BEGIN
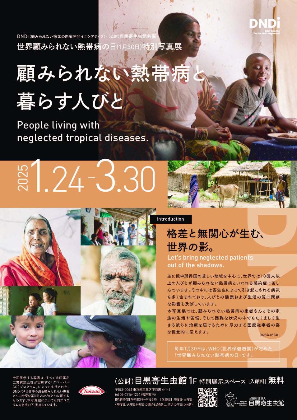 非営利で医薬品研究開発に取り組む、DNDi(Drugs for Neglected Diseases initiative:顧みられない病気の新薬開発イニシアティブ)および公益財団法人目黒寄生虫館は、共に1月30日の「世界顧みられない熱帯病の日」に併せ、1月24日より、特別写真展「顧みられない熱帯病と暮らす人びと」を開催します。なお、今回の取り組みは、武田薬品工業株式会社が実施する「グローバルCSRプログラム」※によって支援された、DNDiの「世界中の最も顧みられない患者さんに治療を届けるプロジェクト」の一環です。
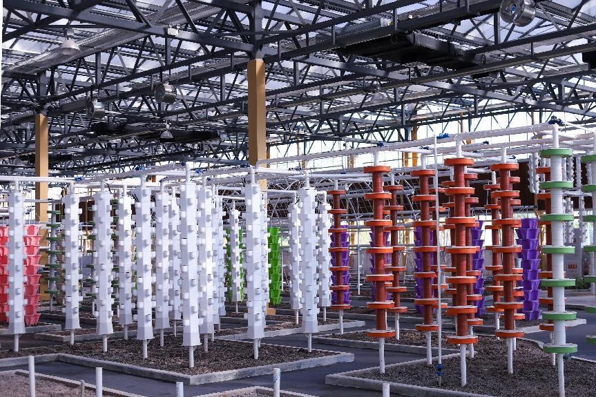 实践团跟随何沛雯的脚步,首先来到了“农科荟萃”文化馆,据她介绍此文化馆将从育种、栽培、未来5G智慧智能农业等方面集中展示国内外现代农业最新农业科技。内含七彩蔬塔、奇瓜世界、叶菜森林、番茄树等四个创意景观节点。
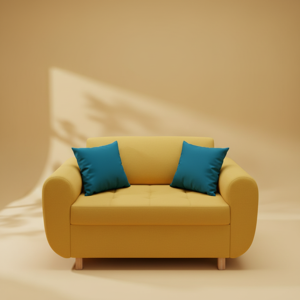 Stunning AI-generated product photography of a modern yellow sofa with blue pillows. Perfect for interior design websites and furniture marketing materials.
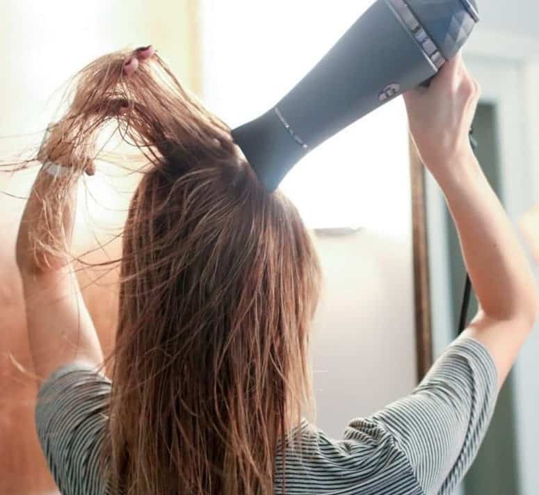 Khi sấy tóc đang ướt, nhiệt độ thay đổi đột ngột có thể khiến tóc dễ bị tổn thương, tóc chẻ ngọn và khô cứng. Vậy nên, sau khi gội đầu, bạn nên lau khô tóc bằng khăn mềm trước rồi mới sấy.
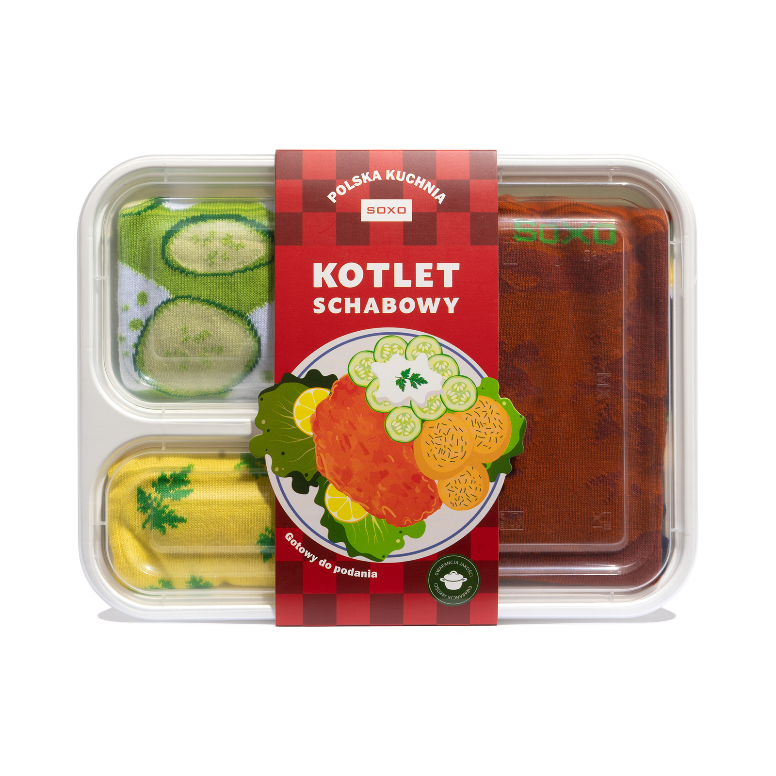 Bringen Sie Freude, Komfort und eine Prise Humor: Wählen Sie das Socken-Set von SOXO mit Schweinekotelett- und Gurkensalat-Motiven!
END
ACTIVITY
In the records above, find the line that contains "Khi sấy tóc". Print it and every later line exactly, omitting the pictures.

RESPONSE
 Khi sấy tóc đang ướt, nhiệt độ thay đổi đột ngột có thể khiến tóc dễ bị tổn thương, tóc chẻ ngọn và khô cứng. Vậy nên, sau khi gội đầu, bạn nên lau khô tóc bằng khăn mềm trước rồi mới sấy.
 Bringen Sie Freude, Komfort und eine Prise Humor: Wählen Sie das Socken-Set von SOXO mit Schweinekotelett- und Gurkensalat-Motiven!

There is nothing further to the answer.